Given the records below, would you repeat exactly the lines that begin at the one containing "Когда Елизавета II" and end at the one containing "Diář je vyroben", inclusive?

[Records for processing Boundary: Start]

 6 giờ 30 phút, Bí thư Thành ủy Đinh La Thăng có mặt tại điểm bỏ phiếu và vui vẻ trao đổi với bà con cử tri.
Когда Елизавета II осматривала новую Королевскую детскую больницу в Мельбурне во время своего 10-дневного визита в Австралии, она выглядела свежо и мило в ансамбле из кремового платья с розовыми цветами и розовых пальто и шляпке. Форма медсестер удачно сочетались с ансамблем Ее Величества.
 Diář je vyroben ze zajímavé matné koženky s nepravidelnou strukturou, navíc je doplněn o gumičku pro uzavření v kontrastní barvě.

[Records for processing Boundary: End]
[Records for processing Boundary: Start]

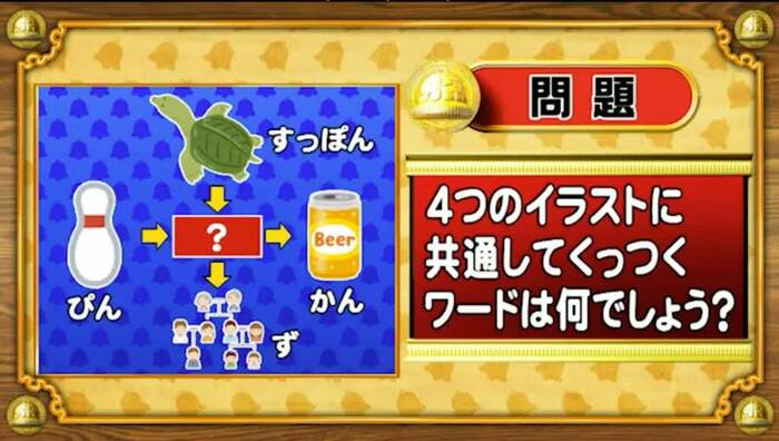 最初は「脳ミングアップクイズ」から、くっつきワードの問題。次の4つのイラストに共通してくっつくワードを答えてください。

[Records for processing Boundary: End]

- Exercise response:
Когда Елизавета II осматривала новую Королевскую детскую больницу в Мельбурне во время своего 10-дневного визита в Австралии, она выглядела свежо и мило в ансамбле из кремового платья с розовыми цветами и розовых пальто и шляпке. Форма медсестер удачно сочетались с ансамблем Ее Величества.
 Diář je vyroben ze zajímavé matné koženky s nepravidelnou strukturou, navíc je doplněn o gumičku pro uzavření v kontrastní barvě.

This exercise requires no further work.